Localization of Crk to the cell periphery is dependent upon growth factors and Crm1-mediated nuclear export. Studies of Crk subcellular localization have placed it both in the nucleus and at the cell periphery, where it can be incorporated into either focal adhesions or in membrane ruffles at the leading edge of migrating cells. In a number of different cell lines (293, NIH 3T3, etc.), we have seen a substantial nuclear pool of wild-type Crk, both by immunofluorescence and by expression of GFP-Crk fusion proteins (Fig. 3 and 9) (data not shown). If the nuclear pool of Crk is proapoptotic, why do healthy, normal cells exhibit nuclear Crk staining?
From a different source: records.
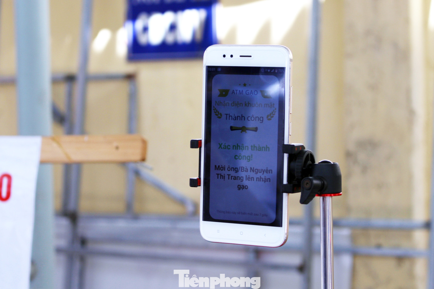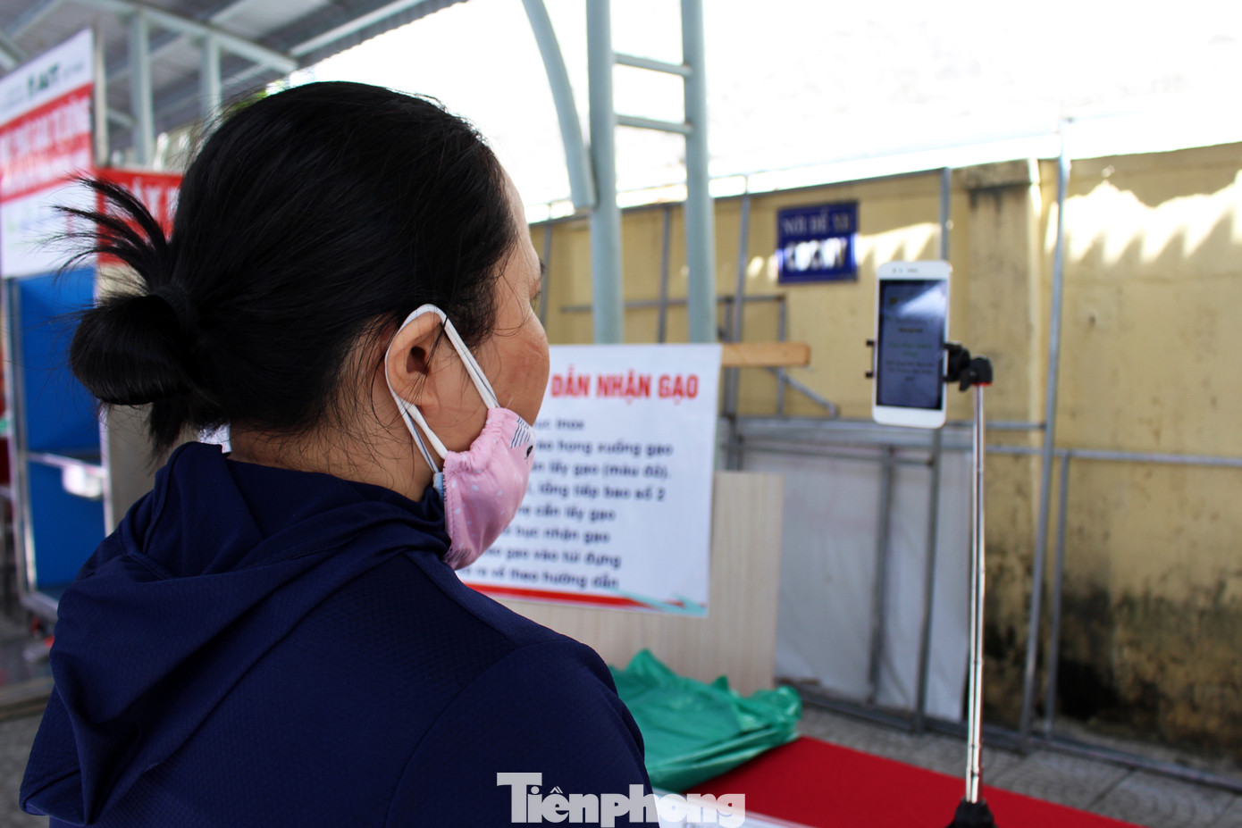 Sau khi rửa tay sát khuẩn, người dân tiến vào khu vực bố trí sẵn điện thoại thông minh, tháo khẩu trang và ấn nút để nhận diện khuôn mặt. Nếu máy nhận diện đúng người dân cần được hỗ trợ sẽ có thông báo "Thành công". Người dân có thể tiến sang khu vực nhận gạo. Ảnh: Giang Thanh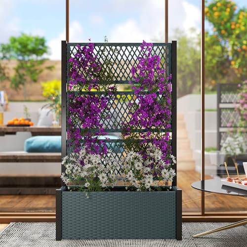 - 2-in-1 design: Bottom raised planter and three-part back trellis. Support for climbing plants, with the spacious bottom box offering planting room for all other plants, flowers and more.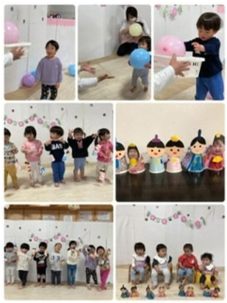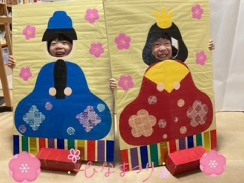 その後は各クラスに戻って、顔ハメパネルでお雛様になったり、ひなあられゲームをしたり、雛壇作りを楽しみました😊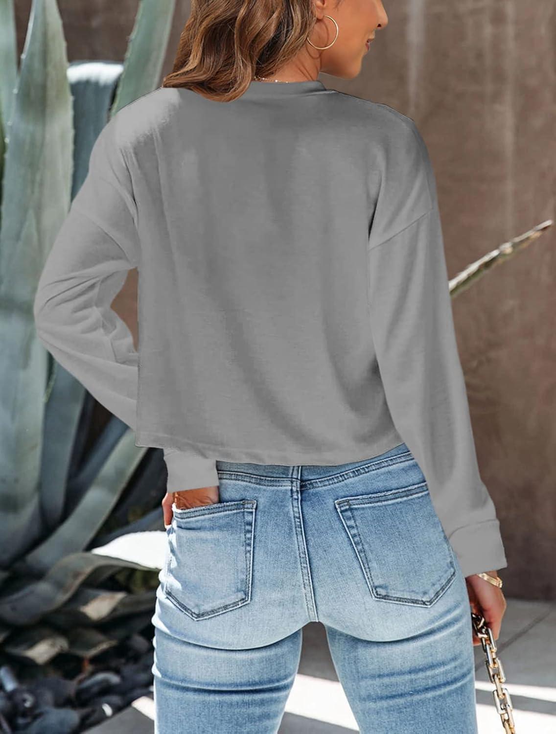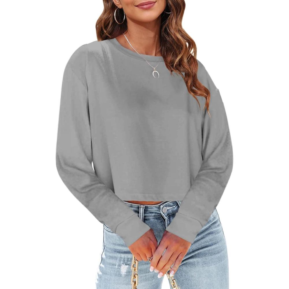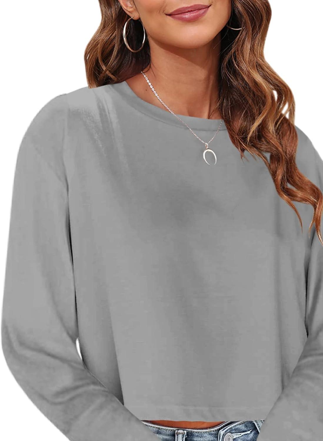 Tankaneo Womens Long Sleeve Crop Tops Loose Fit Fall Cropped Tshirt 2025 Crew Neck Casual Shirts(06-gray)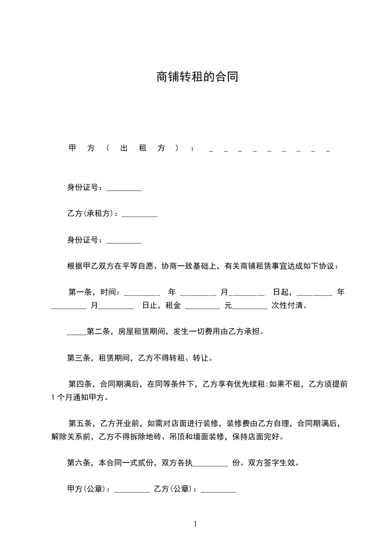 第五条 租赁期间,乙方不得转租该商铺。如乙方确需转租,须经甲方协商同意。如乙方在未征求甲方同意的情况下,私自将房屋转租他人的,则甲方有权单方面宣布中止该合同,并有权将房屋收回另租他人。而乙方所交的保证金(即作为违约金),一律不予退回。租赁期满,在同等条件下,乙方有优先续租权。如甲乙双方任何一方需提前中止本合同,均需提前一个月通知对方,且违约方须向对方支付 两 个月的租金作为违约金。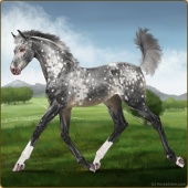 Name: Necro X 3728 198Age: 1 Filly Color: Black Varnish Appaloosa Breed: Knabstrupper Foal Rating: E/W/E |  |

Given reports that Crk promotes cell survival either as part of focal adhesion complexes or by Cas-Crk coupling at the edge of migratory cells, we suspect that any proapoptotic signals emanating from the nuclear pool of Crk are antagonized by pro-survival signals from Crk-containing structures at the cell periphery. When the NES(-) Crk protein was overexpressed as described above, it is likely that the balance was shifted to favor cell death over cell survival. Cheresh and colleagues (8) have observed that Crk is present at the cell periphery under normal growth conditions, in rich medium (when survival signals would be expected to predominate), and leaves the periphery under starvation conditions that would, if continued, promote apoptosis. Interestingly, upon restimulation with insulin, Crk reappears at the cell periphery (23). In similar experiments, we performed immunofluorescence with anti-Crk antibodies on cells subjected to a regimen of growth factor starvation and restimulation. However, in order to see if Crk relocalization to the cell periphery might be dependent upon Crk nuclear export, we performed the experiments in the presence and absence of the nuclear export inhibitor leptomycin B.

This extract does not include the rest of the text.